• [Exercise goal] Print every entry exactly as written and exclude all images.

Excerpts from a dataset

____

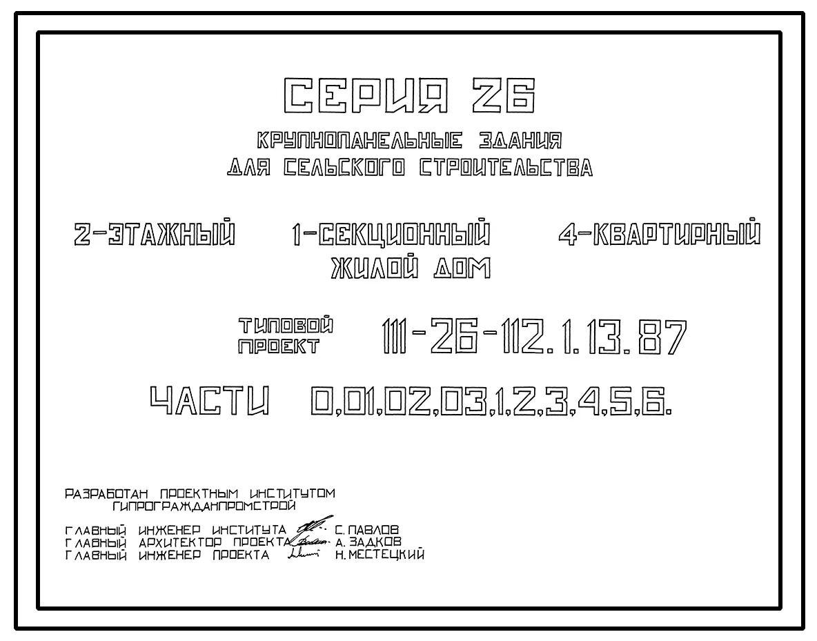 Типовой проект 111-26-112.1.13.87 Двухэтажный 1-секционный 4-квартирный жилой дом для сельского строительства. Паспорт проекта (формат PDF) Чертежи (формат TIF)
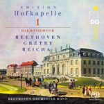 Edition Hofkapelle 1. Harmoniemusik. Ludwig van Beethoven (1770-1827) : Octuor pour vents en mi bémol majeur, Op. 103 ; Sextuor pour vents en mi bémol majeur, Op. 71 ; Rondino en mi bémol majeur, WoO 25. André-Ernest-Modeste Grétry (1741-1813) : Richard Cœur-de-Lion, Suite no 2 [arrgmt Franz Ehrenfried]. Joseph Reicha (1752-1795) : Sextuor pour vents en mi bémol majeur. Lorenzo Coppola, Bonner Hofkapelle (membres de l’Orchestre Beethoven de Bonn). Keita Yamamoto, Suzanne van Zoelen Lucker, hautbois. Hans-Joachim Mohrmann, Florian Gyssling, clarinette. Daniel Lohmüller, Rohan Richards, cor naturel. Yuto Suzuki, Henning Groscurth, basson. Frank Geuer, contrebasse. Livret en anglais, français, allemand. Janvier et mai 2021. TT 72’17. SACD MDG 938 2250-6
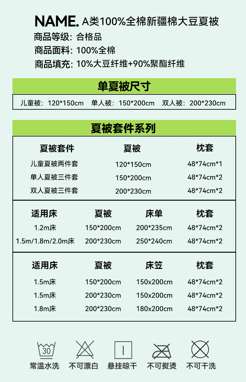 • 适用季节: 空调被/夏凉被
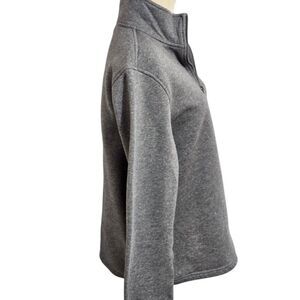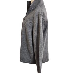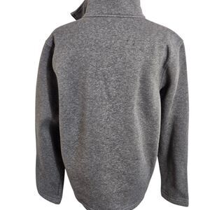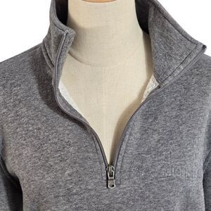 Logo is embossed in the material..simple gray quarter zip for layering. Soft inside. Good overall condition
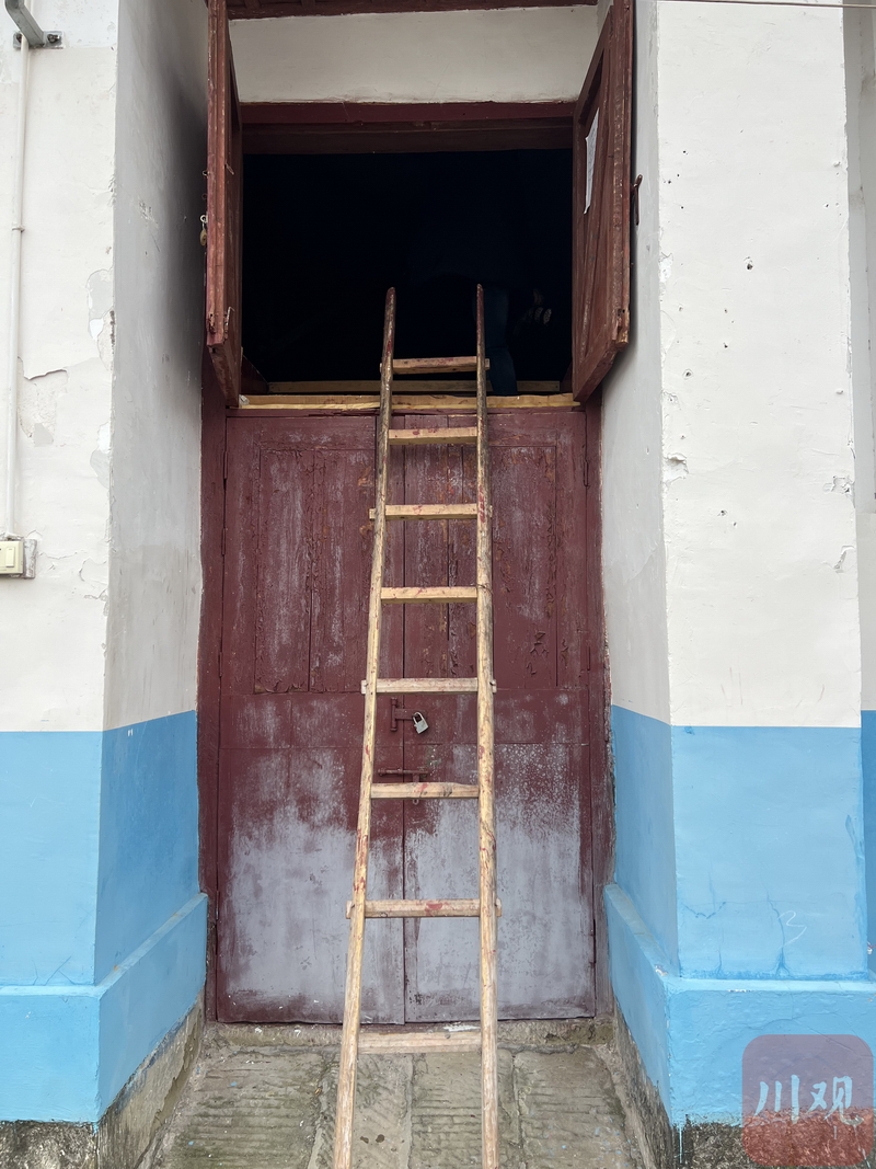 她熟练地爬上木梯,将仓库上层的锁和门打开,接着又走回库房扛出另一架5米多长的木梯,将木梯固定在仓库前两个凹槽里,再次爬上,进入仓库,开始一天的工作。

____

• [Written solution]
 Типовой проект 111-26-112.1.13.87 Двухэтажный 1-секционный 4-квартирный жилой дом для сельского строительства. Паспорт проекта (формат PDF) Чертежи (формат TIF)
 Edition Hofkapelle 1. Harmoniemusik. Ludwig van Beethoven (1770-1827) : Octuor pour vents en mi bémol majeur, Op. 103 ; Sextuor pour vents en mi bémol majeur, Op. 71 ; Rondino en mi bémol majeur, WoO 25. André-Ernest-Modeste Grétry (1741-1813) : Richard Cœur-de-Lion, Suite no 2 [arrgmt Franz Ehrenfried]. Joseph Reicha (1752-1795) : Sextuor pour vents en mi bémol majeur. Lorenzo Coppola, Bonner Hofkapelle (membres de l’Orchestre Beethoven de Bonn). Keita Yamamoto, Suzanne van Zoelen Lucker, hautbois. Hans-Joachim Mohrmann, Florian Gyssling, clarinette. Daniel Lohmüller, Rohan Richards, cor naturel. Yuto Suzuki, Henning Groscurth, basson. Frank Geuer, contrebasse. Livret en anglais, français, allemand. Janvier et mai 2021. TT 72’17. SACD MDG 938 2250-6
 • 适用季节: 空调被/夏凉被
 Logo is embossed in the material..simple gray quarter zip for layering. Soft inside. Good overall condition
 她熟练地爬上木梯,将仓库上层的锁和门打开,接着又走回库房扛出另一架5米多长的木梯,将木梯固定在仓库前两个凹槽里,再次爬上,进入仓库,开始一天的工作。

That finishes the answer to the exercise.